Internet mail distinguishes a message from its transport and further 
divides a message between a header and a body [RFC5322]. Internet 
mail header field values contain a variety of strings that are 
intended to be user-visible. The range of supported characters for 
these strings was originally limited to [ASCII] in 7-bit form. MIME 
[RFC2045] [RFC2046] [RFC2047] provides the ability to use additional 
character sets, but this support is limited to body part data and to 
special encoded-word constructs that were only allowed in a limited 
number of places in header field values. 


Globalization of the Internet requires support of the much larger set 
of characters provided by Unicode [RFC5198] in both mail addresses 
and most header field values. Additionally, complex encoding schemes 
like encoded-words introduce inefficiencies as well as significant 
opportunities for processing errors. And finally, native support for 


the UTF-8 charset is now available on most systems. Hence, it is 
strongly desirable for Internet mail to support UTF-8 [RFC3629] 
directly. 


This document specifies an enhancement to the Internet Message Format 
[RFC5322] and to MIME that permits the direct use of UTF-8, rather 
than only ASCII, in header field values, including mail addresses. A 
new media type, message/global, is defined for messages that use this 
extended format. This specification also lifts the MIME restriction 
on having non-identity content-transfer-encodings on any subtype of 
the message top-level type so that message/global parts can be safely 
transmitted across existing mail infrastructure. 
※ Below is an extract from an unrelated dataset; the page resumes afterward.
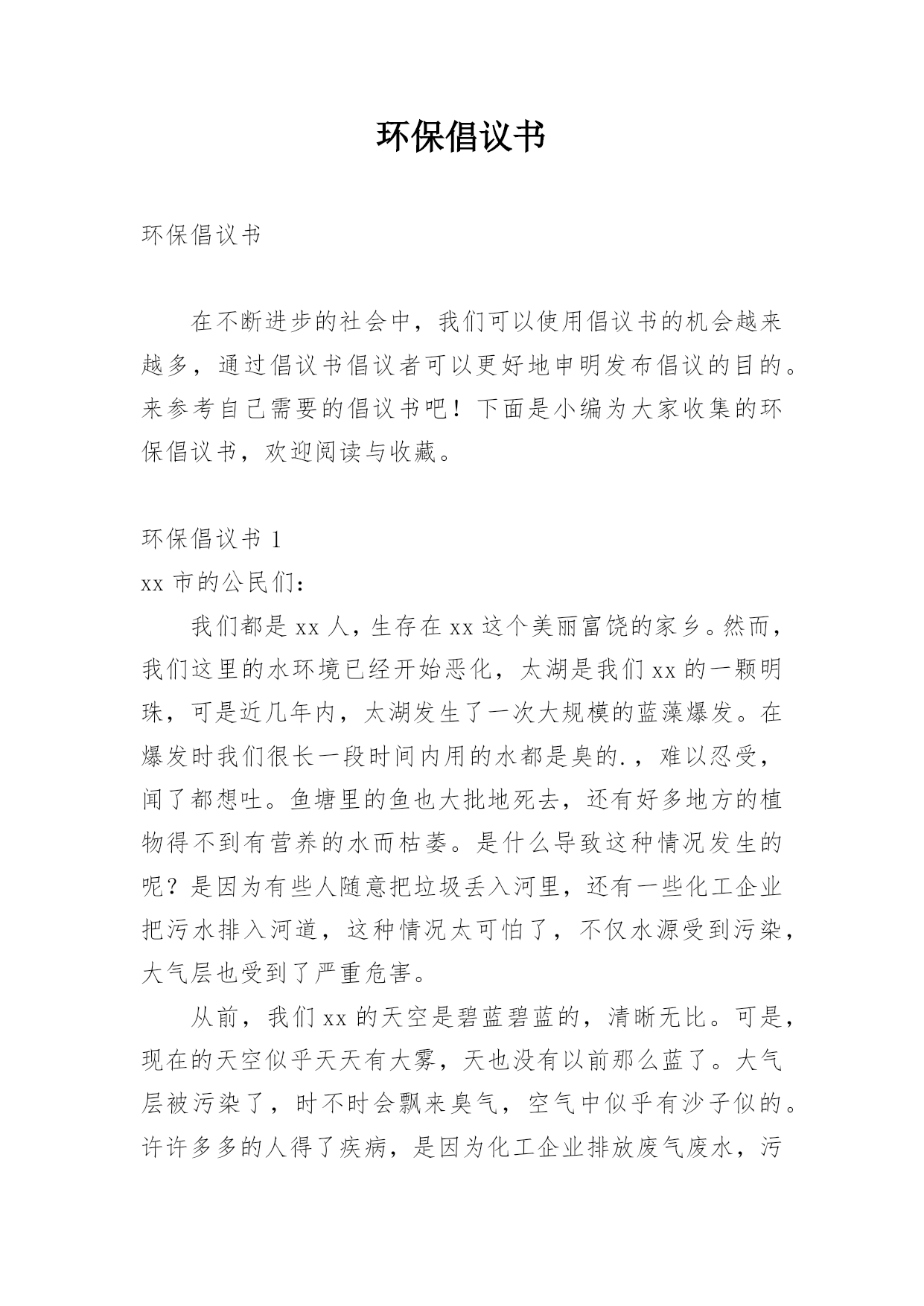 环保倡议书环保倡议书在不断进步的社会中,我们可以使用倡议书的机会越来越多,通过倡议书倡议者可以更好地申明发布倡议的目的。来参考自己需要的倡议书吧!下面是小编为大家收集的环保倡议书,欢迎阅读与收藏。环保倡议书1xx市的公民们:我们都是xx人,生存在xx这个美丽富饶的家乡。然而,我们这里的水环境已经开始恶化,太湖是我们xx的一颗明珠,可是近几年内,太湖发生了一次大规模的蓝藻爆发。在爆发时我们很长一段时间内用的水都是臭的.,难以忍受,闻了都想吐。鱼塘里的鱼也大批地死去,还有好多地方的植物得不到有营养的水而枯萎。

This specification is based on a model of native, end-to-end support 
for UTF-8, which depends on having an "8-bit-clean" environment 
assured by the transport system. Support for carriage across legacy, 
7-bit infrastructure and for processing by 7-bit receivers requires 
additional mechanisms that are not provided by these specifications. 


This specification is a revision of and replacement for [RFC5335]. 
Section 6 of [RFC6530] describes the change in approach between this 
specification and the previous version. 


2. Terminology Used in This Specification 
A plain ASCII string is fully compatible with [RFC5321] and 
[RFC5322]. In this document, non-ASCII strings are UTF-8 strings if 


they are in header field values that contain at least one 
<UTF8-non-ascii> (see Section 3.1).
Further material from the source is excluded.